Oka Souichi, Takefuji Yoshiyasu
SciencePark Corporation, 3-24-9 Iriya-Nishi Zama-shi, Kanagawa 252-0029, Japan.
Faculty of Data Science, Musashino University, 3-3-3 Ariake Koto-ku, Tokyo 135-8181, Japan.
Sci Total Environ. 2025 Jul 1;984:179714. doi: 10.1016/j.scitotenv.2025.179714. Epub 2025 May 23.
Song et al. (2024), "Prediction of PFAS bioaccumulation in different plant tissues with machine learning models based on molecular fingerprints," employed machine learning methods, such as XGBoost and SHapley Additive exPlanations (SHAP), to predict PFAS bioaccumulation, reporting high predictive accuracy. However, this commentary critically examines their interpretation of feature importance, since high predictive accuracy does not guarantee reliable feature importance. Both XGBoost and SHAP are known to exhibit biases, such as overemphasizing features used in early splits and inheriting biases from the underlying model. Furthermore, the high dimensionality and potential collinearity of molecular fingerprints complicate SHAP interpretation, increasing overfitting risk and compromising SHAP value stability. To provide a general example, we conducted an independent simulation using a publicly available dataset of US industrial facilities and environmental compliance, demonstrating significant discrepancies between feature importance rankings from XGBoost and robust statistical tests. This commentary advocates for robust statistical methods coupled with p-values, including Spearman's rho, Kendall's tau, Goodman-Kruskal's gamma, Somers' delta, and Hoeffding's dependence, for feature selection. These non-parametric methods, which are independent of specific model assumptions and rely on data ranks, are better suited to capture complex relationships in high-dimensional data, providing a more reliable foundation for future PFAS bioaccumulation research.

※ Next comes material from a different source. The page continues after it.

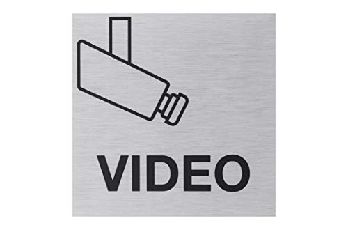 Metafranc 507130 Panneau adhésif « Video » 80 x 80 mm – En aluminium – Aspect acier inoxydable moderne – Dos autocollant – Panneau d'information – Surveillance vidéo – 507130

宋等人(2024年)发表的《基于分子指纹的机器学习模型预测不同植物组织中全氟和多氟烷基物质的生物累积》运用了机器学习方法,如极端梯度提升(XGBoost)和夏普利值附加解释法(SHAP)来预测全氟和多氟烷基物质的生物累积,并报告了较高的预测准确率。然而,本评论批判性地审视了他们对特征重要性的解读,因为高预测准确率并不能保证特征重要性的可靠性。众所周知,XGBoost和SHAP都存在偏差,比如过度强调早期分割中使用的特征以及继承基础模型的偏差。此外,分子指纹的高维度和潜在共线性使SHAP解释变得复杂,增加了过拟合风险并损害了SHAP值的稳定性。为给出一个通用示例,我们使用公开可用的美国工业设施与环境合规数据集进行了独立模拟,结果表明XGBoost得出的特征重要性排名与稳健统计检验之间存在显著差异。本评论主张采用稳健统计方法并结合p值进行特征选择,这些方法包括斯皮尔曼等级相关系数、肯德尔等级相关系数、古德曼-克鲁斯卡尔系数、萨默斯delta系数以及霍夫丁相依系数。这些非参数方法独立于特定的模型假设且依赖数据排名,更适合捕捉高维数据中的复杂关系,为未来全氟和多氟烷基物质生物累积研究提供更可靠的基础。